At $98.5 million, plans to build a regional park on Hargett Farm could be the most expensive city undertaking since the combined Carroll Creek flood control and linear park projects. Over a period of about four decades, the Carroll Creek project cost about $86 million, including the linear park and the aqueduct and levee system.
City-hired consultant G.E. Fielder & Associates of Laurel on Wednesday unveiled a master plan, including capital construction cost estimates, for the 136-acre, city-owned farm on Butterfly Lane. The proposal calls for a sports complex with multi-use fields and a stadium, a water park, an indoor swimming center, festival grounds and associated park facilities.
The plan represents the culmination of the six-month, $247,784 contract with G.E. Fielder & Associates, a planning and landscape architecture firm, to study and submit a proposal for transforming the undeveloped farmland into a regional park.
Wednesday’s presentation marked the first time that Mayor Randy McClement and the Board of Aldermen heard estimates for project construction and operating costs in a public forum. The Board of Aldermen will vote on whether to adopt the plan at a later public hearing.
Concept plan details
The master plan report breaks down the project into four main sections, each of which corresponds to a different section of the property:
- A sports complex with 11 multipurpose fields and a 4,000-seat stadium.
- A water park and 60,000-square-foot natatorium, or indoor swimming center.
- A farmstead complex of historic buildings and festival grounds.
- A maintenance yard area with a salt storage barn and maintenance building.
Plans also include a 5-kilometer trail, 20.96 acres of forest conservation area, five parking lots totaling 1,735 parking spaces and other park amenities, such as restrooms, picnic areas, playgrounds and landscaping.
The 400-plus-page document also has a detailed archaeological review, site history, economic analysis, traffic studies and illustrative renderings for each of the project components.
The $98.5 million estimate reflects construction costs for all components, except for a possible set of solar panels for power generation and relocation of the eastern end of Butterfly Lane, according to the report.
The realignment, intended to increase road capacity and ease congestion around Md. 180, is expected to cost about $2.8 million, The Frederick News-Post has reported.
The city included funds in its fiscal 2017 capital budget to hire a consultant to design the realignment and is expected to include funding in its fiscal 2018 capital budget for the project itself, according to Zack Kershner, the city’s public works director.
The construction cost estimate also includes $33.3 million in costs related to bonding and insurance, design contingency, overhead, and profit, the report stated.
The master plan offered options for a multi-phase buildout, starting with the festival grounds, which require the lowest amount of upfront funding, and ending with the sports fields. Grace Fielder, the firm’s president and founder, estimated that construction would take at least 10 years under any multi-phased approach.
Once completed, the park could generate up to $2.79 million in yearly revenue through membership, rental and admissions fees associated with project components such as the water park, natatorium, festival grounds and sports complex, the report stated.
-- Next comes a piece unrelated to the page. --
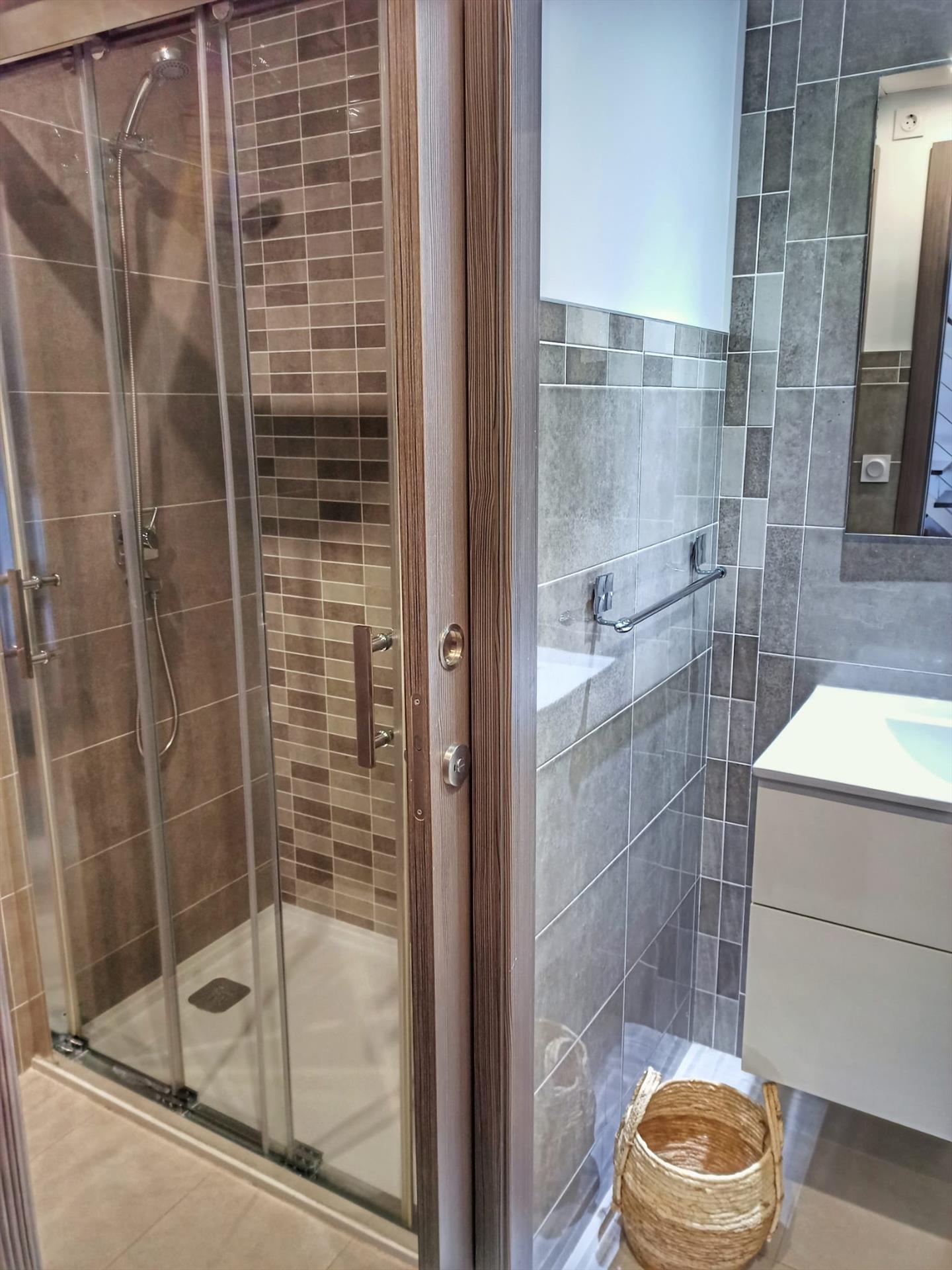 • bathroom with single washbasin, shower, toilet and hairdryer

However, the $3.33 million estimated yearly operating expenses associated with maintaining the facilities would result in a net loss of $527,000 per year.
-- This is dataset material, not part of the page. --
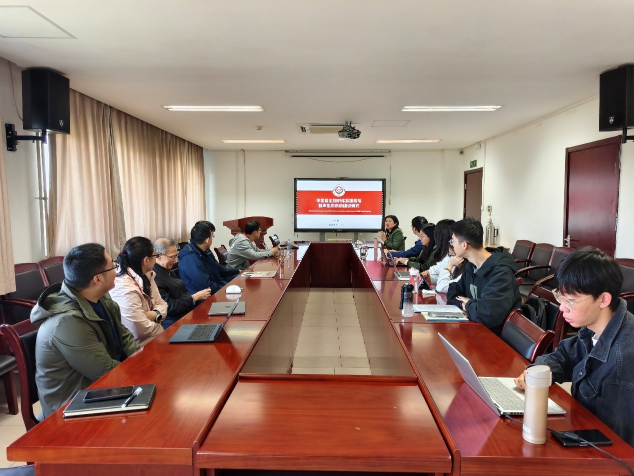 申静以“中国自主知识体系建构与智库生态系统建设研究”为题,围绕习近平总书记“加快构建中国哲学社会科学,归根结底是建构中国自主的知识体系”等重要论述和中央印发的《关于加强中国特色新型智库建设的意见》等重要文件,系统讲述了中国自主知识体系建构和中国特色新型智库生态系统建设的重要性和迫切性,剖析了二者之间的互促关系,梳理了“中国自主知识体系”和“智库生态系统”两大重要概念及其相关研究,并向与会人员分享了课题组近期的研究成果。

Although the report includes estimates for the city’s annual debt service on construction and maintenance costs, the aldermen emphasized that the city will not shoulder the costs.
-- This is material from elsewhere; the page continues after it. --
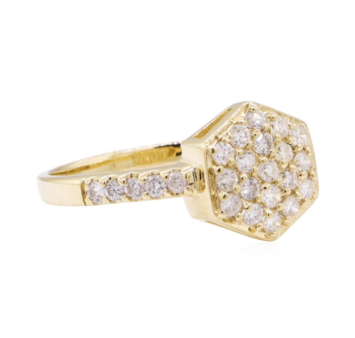One ring featuring: 14KT yellow gold weighing 3.2 grams containing diamonds weighing 0.90ctw. The ring has an hexagonal top.
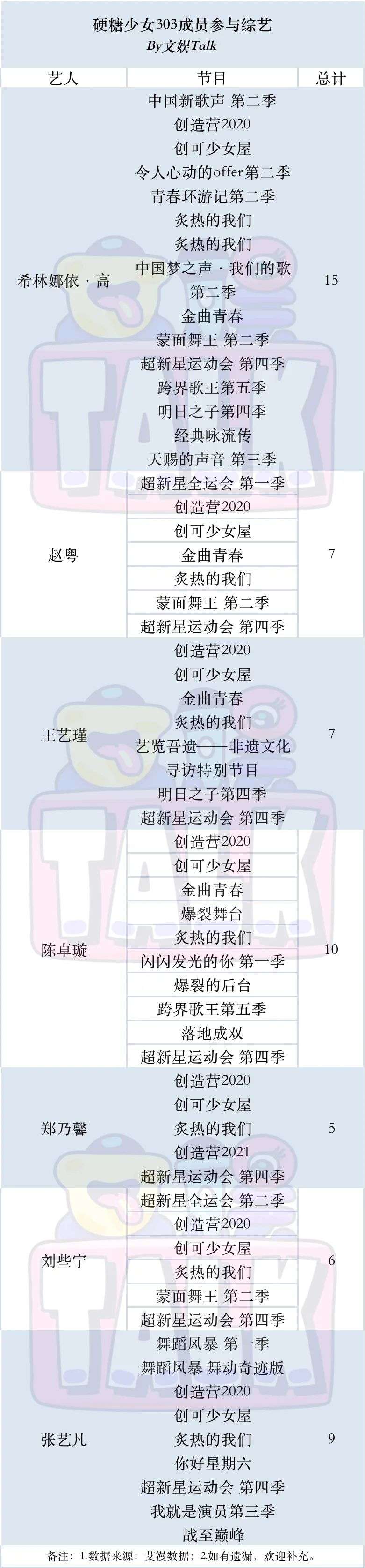 从NINE PECENT、火箭少女101、UNINE、R1SE、BlackACE、THE9、再到今天的硬糖少女303。

Instead, they pointed to the need for project partners — public and private organizations that may benefit from one or all of the planned facilities — as essential to project funding.
The city was previously restricted from using private partnerships to finance park development, but that restriction was eliminated under a bond re-funding approved this year.
“The viability of the park is in having partners,” Alderman Josh Bokee said. “The burden to develop this is ... not on city taxpayers alone.”
Alderwoman Kelly Russell noted that the city still pays more than $1 million in debt service on the cost to buy the land, purchased in 2009 for $18 million.
The need for partners may determine the order in which certain project components are constructed, she said.
“We can say we want to build the festival grounds and fields last, but if an investor comes in and says, ‘We want to build all these fields,’ that’s what we’re going to do,” she said.
As for the annual operating deficit, Alderman Michael O’Connor said he was not “overly concerned,” given that the city pays to operate other public parks that take in more money than they cost to operate.
Given the costly and detailed nature of the project, he proposed creating a standing committee to guide the project, similar to the group appointed to help oversee the Carroll Creek flood control project.
“They become our citizen consultants on all aspects of the project moving forward,” he said, naming neighborhood residents and those with expertise in project management as some of the potential members of the proposed committee.
Other aldermen indicated support for his idea, although McClement has the final say on whether to create a committee.
Until then, they will continue to develop strategies on how to attract partners to help fund the project.
“I’ll remain highly skeptical until partners start showing up at the door,” Russell said.